Enrollment rates, By Medicare-Medicaid Status
The Medicare Advantage enrollment rate among new beneficiaries who received full Medicaid benefits (“full dual eligibles”) was lower than among new beneficiaries not eligible for Medicaid in 2016 (18 percent versus 31 percent, respectively, Figure 7). New beneficiaries who receive partial Medicaid benefits (“partial dual eligibles”) opted into Medicare Advantage during their first year on Medicare at about the same rate as those who were not eligible for Medicaid. It is unclear why full dual eligibles are opting into Medicare Advantage plans at lower rates than others; it may be because they have significant health needs and are reluctant to join a plan with a limited provider network. Those who are less healthy may also be less attracted to plans’ extra benefits, such as gym memberships, and full dual eligibles may be less drawn to plans’ out-of-pocket limits if Medicaid is covering their cost-sharing requirements.

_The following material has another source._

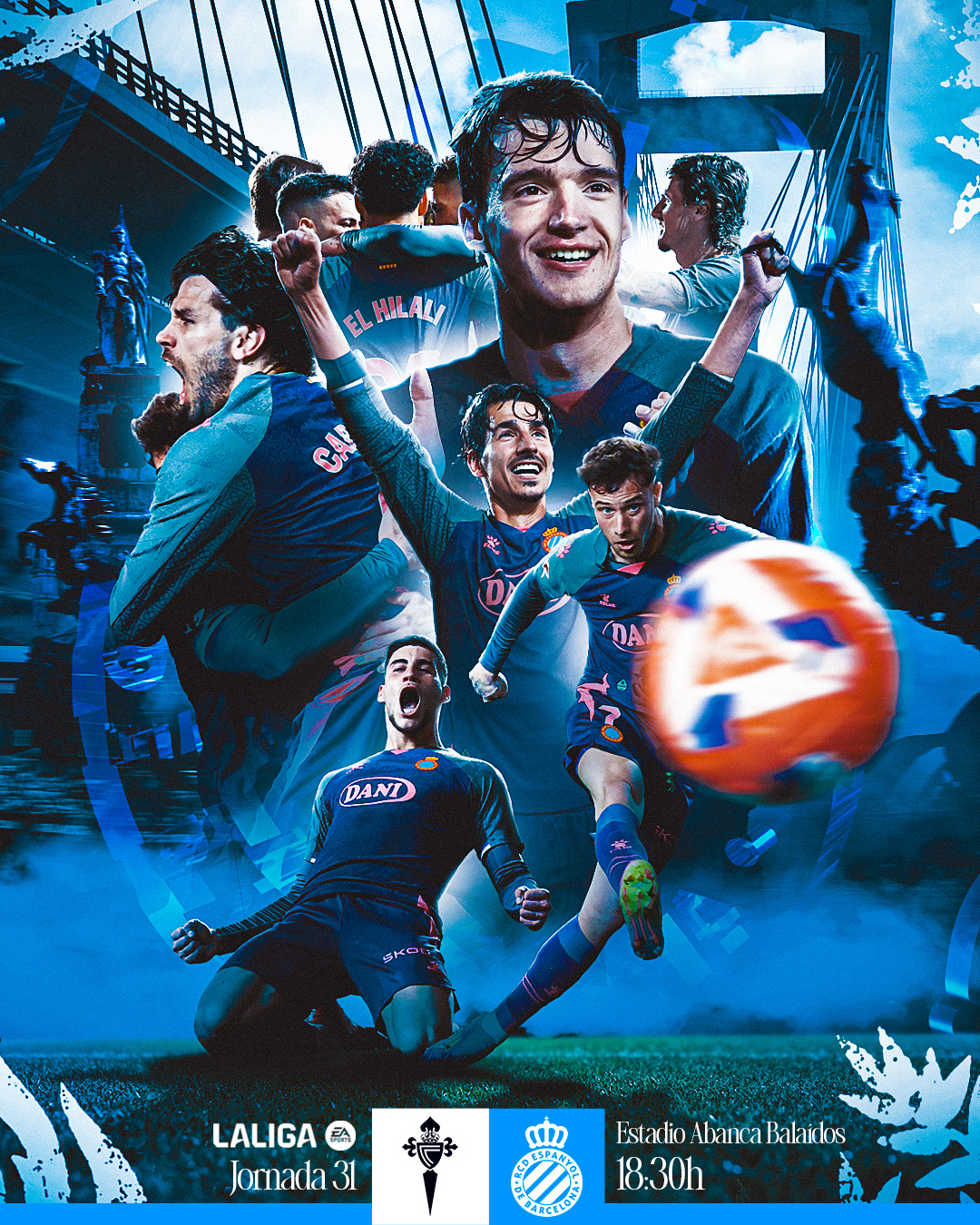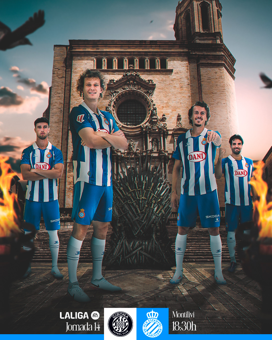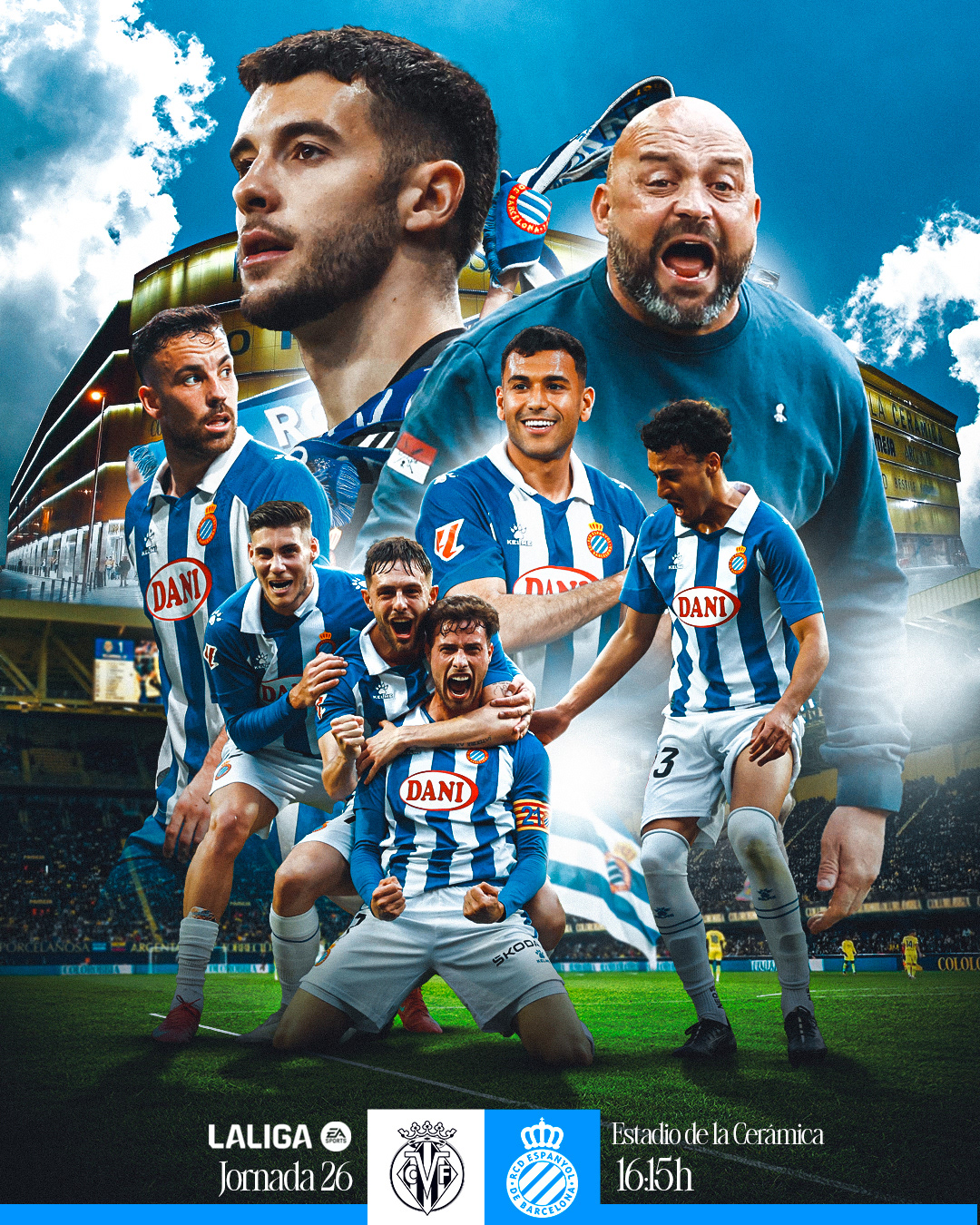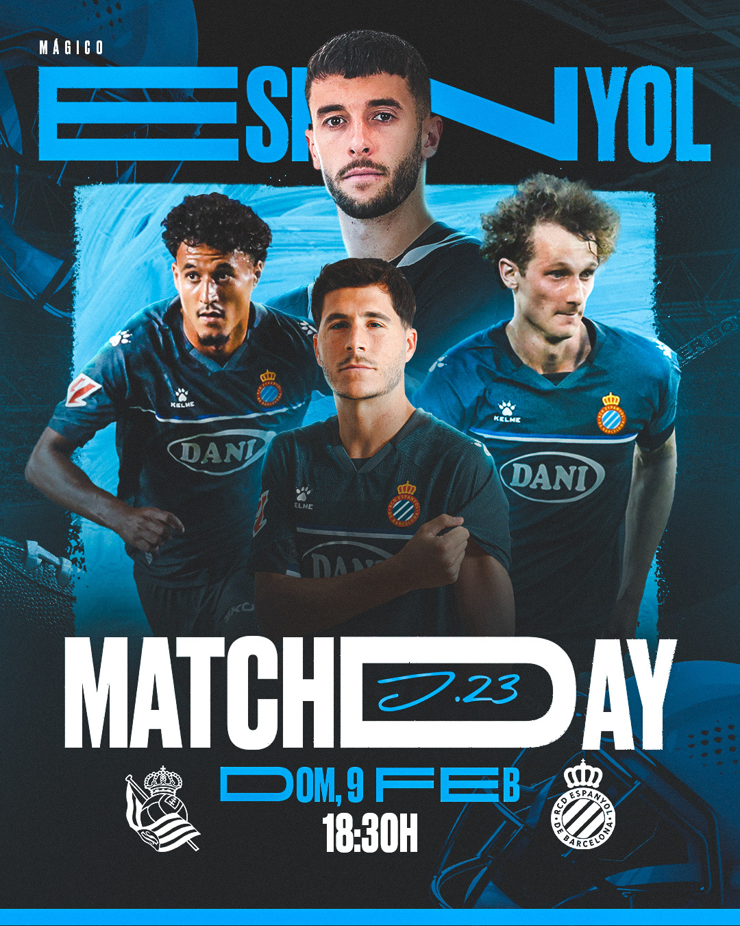 Gráficas para redes sociales para ilustrar días de partido y efemérides del RCD Espanyol de Barcelona.

Less than one-third (29 percent) of new Medicare beneficiaries enrolled in Medicare Advantage plans during their first year on Medicare, a rate slightly lower than the national Medicare Advantage penetration rate in 2016. While the Congressional Budget Office is projecting a steady increase in Medicare Advantage enrollment, rising to 47 percent by 2029, even with an aging Baby Boom Generation, the majority of new beneficiaries are opting for traditional Medicare in the year they first go on Medicare. The relatively low enrollment rates among new beneficiaries with high needs may warrant further scrutiny. While Medicare Advantage enrollment among new beneficiaries is rising, these findings suggest that ongoing attention to traditional Medicare is needed to meet the needs of the lion’s share of the Medicare population.
Gretchen Jacobson, Tricia Neuman, and Meredith Freed are with KFF.
Anthony Damico is an independent consultant.
|Data and Methods
The brief uses claims data from a five percent sample of Medicare beneficiaries from the Master Beneficiary Summary Files of Chronic Conditions Data Warehouse of the Center for Medicare and Medicaid Services (CMS) for 2010 through 2016. The data was used in conjunction with the Medicare Advantage landscape file and enrollment file for each year. The analysis includes new beneficiaries residing in areas where no Medicare Advantage plans were available for individual enrollment, totaling about 30,000 new beneficiaries in 2016. The analysis was unable to exclude beneficiaries with retiree health coverage, who would likely use whichever coverage option, Medicare Advantage or traditional Medicare, their former employer or union would fund. The analysis included new beneficiaries who were automatically enrolled into Medicare-Medicaid demonstration plans in the denominator of Medicare Advantage enrollees because they did not make a voluntary choice.